24 agosto 2019
Aggiornato 17:30
Omicidio Meredith

I periti ribadiscono: «Non c'è sangue sul coltello»

Irregolarità nel processo di refertamento, anche nei sopralluoghi all'interno dell'abitazione di Raffaele Sollecito dove fu ritrovata la presunta arma del delitto

PERUGIA - I periti nominati dalla Corte d'Appello, ascoltati oggi in aula nell'ambito del processo Meredith, hanno ribadito alcune irregolarità nelle procedure di refertamento - atte ad evitare contaminazioni dei reperti - anche nei sopralluoghi all'interno dell'abitazione di Raffaele Sollecito dove fu ritrovata la presunta arma del delitto.

«Gli agenti non portavano tute di protezione ed avevano guanti già utilizzati e quindi sporchi» spiegano i periti. «Inoltre secondo le testimonianze rese in sede di Gup, due agenti hanno ammesso di aver toccato, repertato e sigillato il coltello ritenuta l'arma del delitto. Una situazione poco chiara anche perché uno degli agenti ha spiegato che il coltello è stato sigillato in Questura, mentre un altro - secondo i tabulati - sul posto». Il cambio dei guanti non sarebbe stato sistematico, ma a discrezione sulla base dell'esperienza degli auto dei sopralluoghi. I periti hanno analizzato la perizia precedente alla loro - autrice la dottoressa Stefanoni - non potendo effettuare nuove analisi sul Dna sul gancetto di reggiseno della vittima e sulla presunta arma del delitto perché «non c'è evidenza di presenza di sangue».
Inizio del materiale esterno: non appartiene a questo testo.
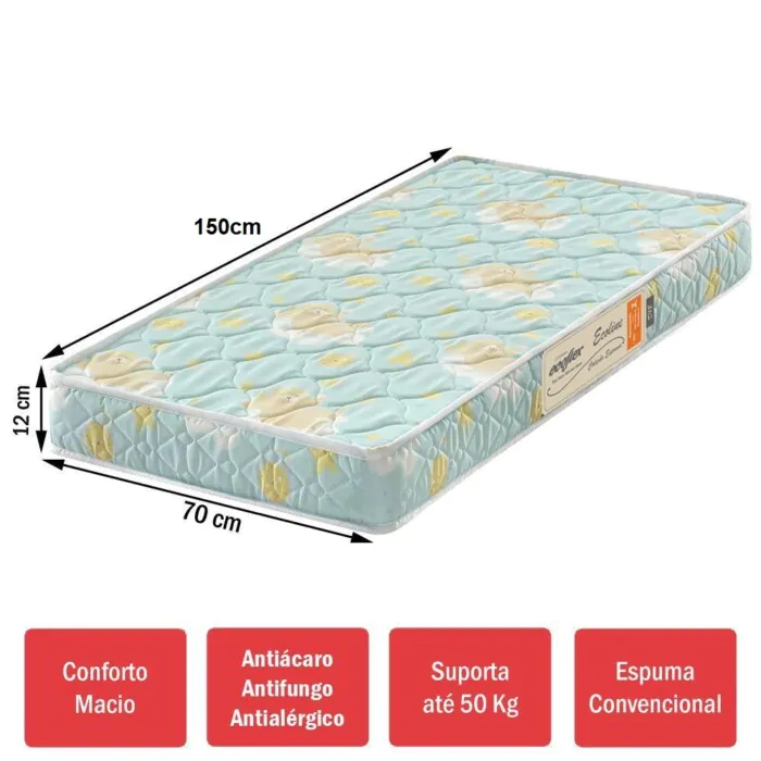 Mini Cama – Colchão D-18 – 70 x 150 x 12cm – Ecoflex (6154)

Sulla perizia precedente sono state trovate alcune anomalie: nessuna quantificazione del Dna sui reperti («fondamentale per l'accertamento della traccia e la sua riconducibilità), nessuna spiegazione sulla decontaminazione dei numerosi reperti oggetto di studio, strumentazioni non adatte per l'analisi del sangue umano. «Dai nostri studi, seppur in assenza di valori certificati, la quantità di Dna è sotto la soglia di analisi prevista dai protocolli standard»: hanno spiegato in aula i periti che inoltre hanno aggiunto che sulla punta del coltello non c'è traccia di sangue della vittima, mentre sull'impugnatura c'è materiale genetico (cellule) di Amanda Knox. Dunque i periti non avvalorano la presenza di Dna sui reperti chiave che hanno portano (tra gli altri elementi acquisiti dai Pm Mignini e Comodi) alla condanna di Amanda Knox e Raffale Sollecito.